“A Little More Commentary on the Unfortunately Waning Level of Weirdness in American Culture”

John Lennon doesn’t strike me as the kind of person who would have ever been on ritalin. And I don’t even know the dates it was invented, or instituted by the Ministry of Behavior, or whatever…

There, I’m making a joke, but let me put it to you an even simpler way: pop music is never dark, anymore. It’s as simple as that. As the empty buildings in town pile up, as people’s focuses are more disbanded onto technological gadgets, our pop music is like ritalin. There’s no isolation, there’s no fabrication of the whirlwind of aesthetic and affective possibilities lying in wait for when any two people meet.
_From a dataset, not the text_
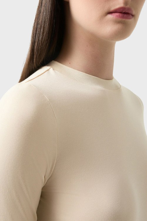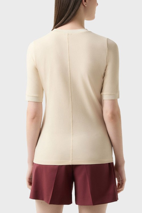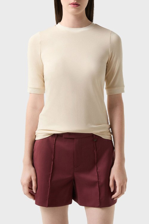 Детали: Женский кремовый джемпер из модала и хлопка Alexi от Bogner (Богнер). Круглый вырез горловины, короткий рукав, классическая длина
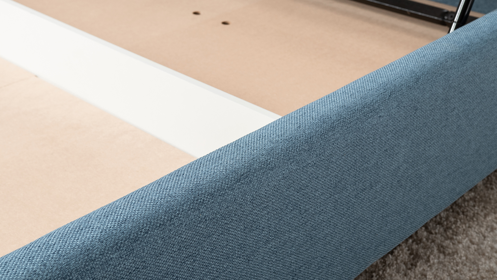 Кровать Миа 160 рогожка светло-синий, кант желтовато-коричневый с ортопедическим основанием и подъемным механизмом

Well, women are naked now anyway, so I guess it makes sense for music to be simpler.
Part of the machinist misfortune of songs you’ll hear walking through say Urban Outfitters, is that they actually ATTEMPT to impress. It’s like some dummy-CPR faux-inspiration they’re supposed to instill in us, to go out and “live our lives” when really there’s no vision involved, the idea of people is basically as interchangeable with primates, as far as most radio songs go.
Whereas there is still sneaky, subtle, underdog pop out there, and you’re likely to hear it from seemingly unexpected sources, like MMJ, circa Evil Urges, whom you thought all along were psychedelic. Don’t underestimate those Southern boys, they’ve got some serious taste, and if anything, what we Northern boys get them on is originality, with your Tom Waits’s and your Iggy Pop’s (whoa, totally didn’t mean to make a Coffee and Cigarettes reference there), they make up for in aesthetics, class, and overall skill in crafting a song. But the south isn’t “cool.” There. All the better. Pass me a glass o’ that.